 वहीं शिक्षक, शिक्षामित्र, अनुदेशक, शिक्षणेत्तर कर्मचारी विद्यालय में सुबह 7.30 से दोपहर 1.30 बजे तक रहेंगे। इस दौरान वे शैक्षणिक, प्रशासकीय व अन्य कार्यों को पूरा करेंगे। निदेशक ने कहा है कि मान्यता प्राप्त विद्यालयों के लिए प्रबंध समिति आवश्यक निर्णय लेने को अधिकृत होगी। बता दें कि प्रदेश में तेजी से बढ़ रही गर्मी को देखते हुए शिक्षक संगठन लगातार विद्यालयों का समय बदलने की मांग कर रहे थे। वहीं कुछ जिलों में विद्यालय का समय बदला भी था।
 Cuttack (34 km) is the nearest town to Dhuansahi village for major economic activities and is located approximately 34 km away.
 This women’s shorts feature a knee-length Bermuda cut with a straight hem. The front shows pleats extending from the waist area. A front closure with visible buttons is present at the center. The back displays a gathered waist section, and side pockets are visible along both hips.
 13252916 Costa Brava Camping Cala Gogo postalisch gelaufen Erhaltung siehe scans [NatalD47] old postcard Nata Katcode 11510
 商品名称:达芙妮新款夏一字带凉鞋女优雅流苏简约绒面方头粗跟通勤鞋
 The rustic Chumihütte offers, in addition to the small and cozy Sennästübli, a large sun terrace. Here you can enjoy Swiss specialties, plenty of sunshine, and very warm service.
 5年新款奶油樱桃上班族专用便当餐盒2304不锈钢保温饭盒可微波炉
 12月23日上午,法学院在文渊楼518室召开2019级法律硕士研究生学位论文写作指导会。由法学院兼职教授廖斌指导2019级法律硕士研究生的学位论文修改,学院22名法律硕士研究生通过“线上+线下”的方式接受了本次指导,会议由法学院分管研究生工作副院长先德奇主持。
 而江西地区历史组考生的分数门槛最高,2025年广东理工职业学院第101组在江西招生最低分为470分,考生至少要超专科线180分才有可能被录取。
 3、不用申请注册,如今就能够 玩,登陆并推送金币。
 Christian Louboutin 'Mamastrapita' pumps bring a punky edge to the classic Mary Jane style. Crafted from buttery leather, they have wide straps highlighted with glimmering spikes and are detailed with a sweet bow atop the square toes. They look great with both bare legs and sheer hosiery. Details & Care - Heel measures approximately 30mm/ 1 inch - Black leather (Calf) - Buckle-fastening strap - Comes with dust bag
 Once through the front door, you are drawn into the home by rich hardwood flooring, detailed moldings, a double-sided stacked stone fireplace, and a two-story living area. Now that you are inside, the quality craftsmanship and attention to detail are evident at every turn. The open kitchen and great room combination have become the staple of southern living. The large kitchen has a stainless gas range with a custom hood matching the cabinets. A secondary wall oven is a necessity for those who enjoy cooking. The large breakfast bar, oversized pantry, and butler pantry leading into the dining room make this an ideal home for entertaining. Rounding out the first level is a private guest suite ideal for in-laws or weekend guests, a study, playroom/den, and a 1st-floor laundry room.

________________

** Task prompt **
Reproduce every record exactly, line by line.

** Expected answer **
 वहीं शिक्षक, शिक्षामित्र, अनुदेशक, शिक्षणेत्तर कर्मचारी विद्यालय में सुबह 7.30 से दोपहर 1.30 बजे तक रहेंगे। इस दौरान वे शैक्षणिक, प्रशासकीय व अन्य कार्यों को पूरा करेंगे। निदेशक ने कहा है कि मान्यता प्राप्त विद्यालयों के लिए प्रबंध समिति आवश्यक निर्णय लेने को अधिकृत होगी। बता दें कि प्रदेश में तेजी से बढ़ रही गर्मी को देखते हुए शिक्षक संगठन लगातार विद्यालयों का समय बदलने की मांग कर रहे थे। वहीं कुछ जिलों में विद्यालय का समय बदला भी था।
 Cuttack (34 km) is the nearest town to Dhuansahi village for major economic activities and is located approximately 34 km away.
 This women’s shorts feature a knee-length Bermuda cut with a straight hem. The front shows pleats extending from the waist area. A front closure with visible buttons is present at the center. The back displays a gathered waist section, and side pockets are visible along both hips.
 13252916 Costa Brava Camping Cala Gogo postalisch gelaufen Erhaltung siehe scans [NatalD47] old postcard Nata Katcode 11510
 商品名称:达芙妮新款夏一字带凉鞋女优雅流苏简约绒面方头粗跟通勤鞋
 The rustic Chumihütte offers, in addition to the small and cozy Sennästübli, a large sun terrace. Here you can enjoy Swiss specialties, plenty of sunshine, and very warm service.
 5年新款奶油樱桃上班族专用便当餐盒2304不锈钢保温饭盒可微波炉
 12月23日上午,法学院在文渊楼518室召开2019级法律硕士研究生学位论文写作指导会。由法学院兼职教授廖斌指导2019级法律硕士研究生的学位论文修改,学院22名法律硕士研究生通过“线上+线下”的方式接受了本次指导,会议由法学院分管研究生工作副院长先德奇主持。
 而江西地区历史组考生的分数门槛最高,2025年广东理工职业学院第101组在江西招生最低分为470分,考生至少要超专科线180分才有可能被录取。
 3、不用申请注册,如今就能够 玩,登陆并推送金币。
 Christian Louboutin 'Mamastrapita' pumps bring a punky edge to the classic Mary Jane style. Crafted from buttery leather, they have wide straps highlighted with glimmering spikes and are detailed with a sweet bow atop the square toes. They look great with both bare legs and sheer hosiery. Details & Care - Heel measures approximately 30mm/ 1 inch - Black leather (Calf) - Buckle-fastening strap - Comes with dust bag
 Once through the front door, you are drawn into the home by rich hardwood flooring, detailed moldings, a double-sided stacked stone fireplace, and a two-story living area. Now that you are inside, the quality craftsmanship and attention to detail are evident at every turn. The open kitchen and great room combination have become the staple of southern living. The large kitchen has a stainless gas range with a custom hood matching the cabinets. A secondary wall oven is a necessity for those who enjoy cooking. The large breakfast bar, oversized pantry, and butler pantry leading into the dining room make this an ideal home for entertaining. Rounding out the first level is a private guest suite ideal for in-laws or weekend guests, a study, playroom/den, and a 1st-floor laundry room.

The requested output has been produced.